WORK INSTRUCTIONS: In the entries below, find the line with "Otros conjuntos muy" and the line with "The ball comes". Print those two and everything between them exactly, and nothing else.

SOURCE INFORMATION:
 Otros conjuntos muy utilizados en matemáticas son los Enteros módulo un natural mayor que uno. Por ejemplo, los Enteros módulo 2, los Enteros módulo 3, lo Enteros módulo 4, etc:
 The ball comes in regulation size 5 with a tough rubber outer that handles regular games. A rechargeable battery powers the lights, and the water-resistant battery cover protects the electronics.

* * *

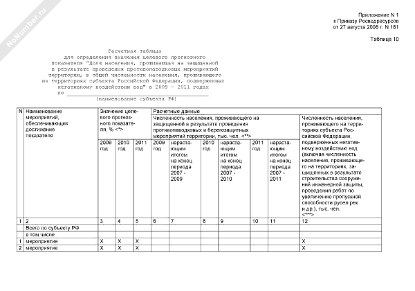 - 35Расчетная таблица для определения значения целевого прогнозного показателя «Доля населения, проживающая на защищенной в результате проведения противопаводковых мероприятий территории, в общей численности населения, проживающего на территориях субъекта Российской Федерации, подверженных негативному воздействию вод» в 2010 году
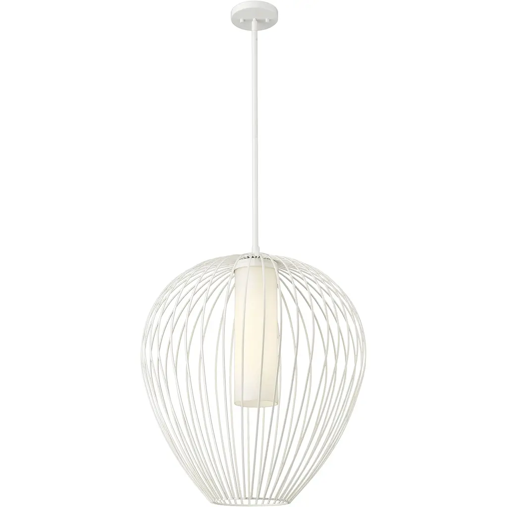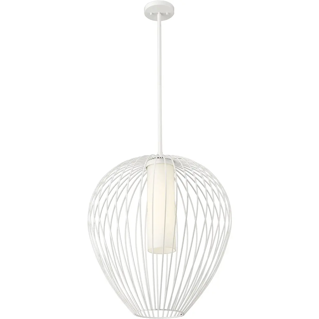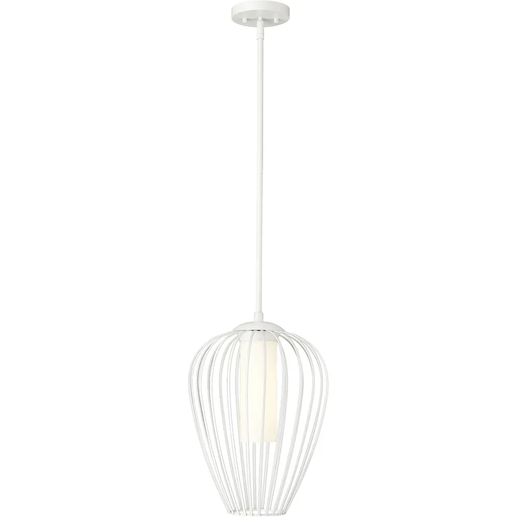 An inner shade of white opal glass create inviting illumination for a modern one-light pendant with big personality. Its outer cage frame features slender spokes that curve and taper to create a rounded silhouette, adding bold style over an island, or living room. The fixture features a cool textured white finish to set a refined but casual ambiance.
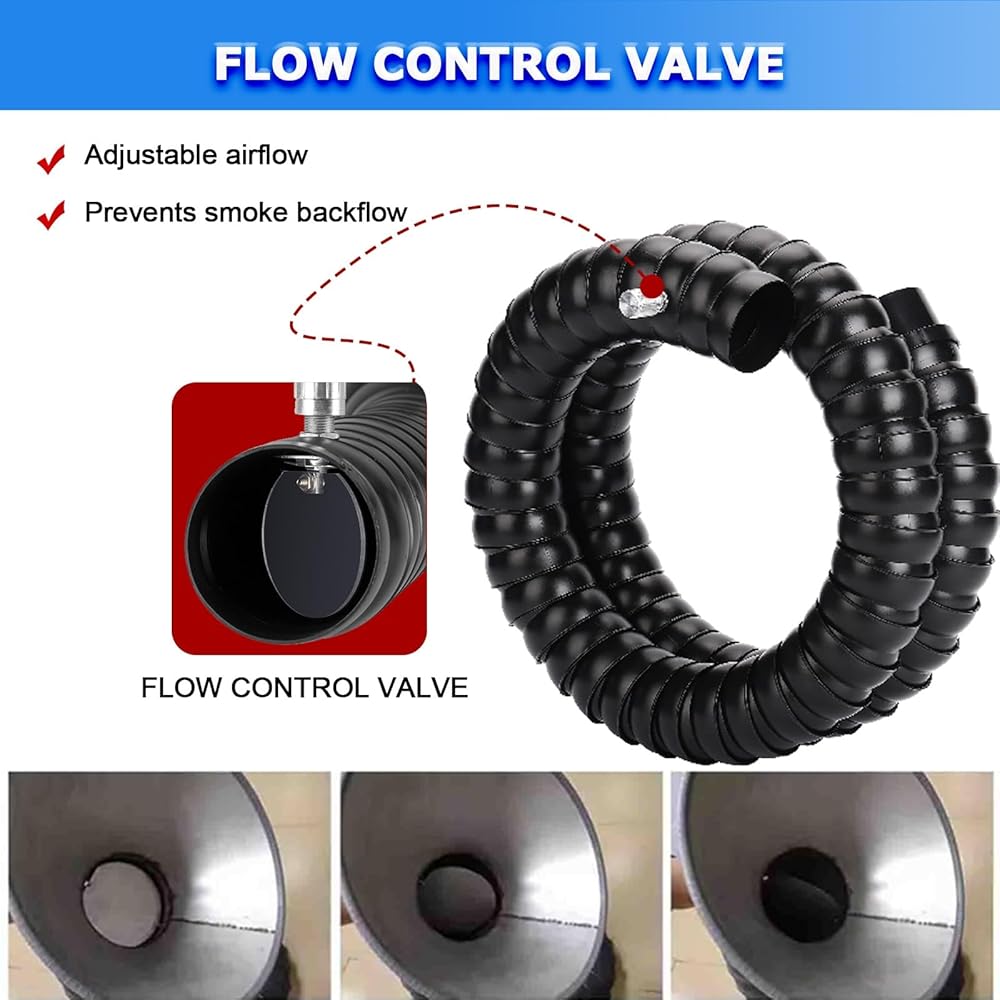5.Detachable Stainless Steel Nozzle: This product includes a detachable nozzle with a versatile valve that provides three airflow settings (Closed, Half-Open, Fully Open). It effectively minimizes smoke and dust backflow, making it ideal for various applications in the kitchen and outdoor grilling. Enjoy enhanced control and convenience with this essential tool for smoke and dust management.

--

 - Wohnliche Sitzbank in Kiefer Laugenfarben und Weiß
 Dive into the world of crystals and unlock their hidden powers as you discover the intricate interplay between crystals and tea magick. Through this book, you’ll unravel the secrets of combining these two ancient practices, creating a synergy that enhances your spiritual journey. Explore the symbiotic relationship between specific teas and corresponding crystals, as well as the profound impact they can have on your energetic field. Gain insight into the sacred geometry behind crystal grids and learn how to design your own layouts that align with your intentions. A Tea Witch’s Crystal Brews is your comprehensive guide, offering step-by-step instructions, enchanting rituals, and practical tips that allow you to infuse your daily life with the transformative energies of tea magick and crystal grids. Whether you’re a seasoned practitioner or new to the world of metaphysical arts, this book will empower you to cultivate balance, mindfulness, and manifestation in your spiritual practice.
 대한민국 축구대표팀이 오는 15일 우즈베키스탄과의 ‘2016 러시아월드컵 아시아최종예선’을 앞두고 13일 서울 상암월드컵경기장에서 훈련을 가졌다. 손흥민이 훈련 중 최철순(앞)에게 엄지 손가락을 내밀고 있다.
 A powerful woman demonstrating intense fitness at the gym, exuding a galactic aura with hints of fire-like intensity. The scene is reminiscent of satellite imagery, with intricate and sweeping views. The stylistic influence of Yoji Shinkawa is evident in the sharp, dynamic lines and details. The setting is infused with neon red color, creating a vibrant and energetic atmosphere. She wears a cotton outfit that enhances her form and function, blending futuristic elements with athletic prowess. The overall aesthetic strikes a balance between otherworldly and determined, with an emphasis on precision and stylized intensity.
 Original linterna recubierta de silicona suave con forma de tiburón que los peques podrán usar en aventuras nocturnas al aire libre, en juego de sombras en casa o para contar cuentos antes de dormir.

ANSWER AREA:
 Otros conjuntos muy utilizados en matemáticas son los Enteros módulo un natural mayor que uno. Por ejemplo, los Enteros módulo 2, los Enteros módulo 3, lo Enteros módulo 4, etc:
 The ball comes in regulation size 5 with a tough rubber outer that handles regular games. A rechargeable battery powers the lights, and the water-resistant battery cover protects the electronics.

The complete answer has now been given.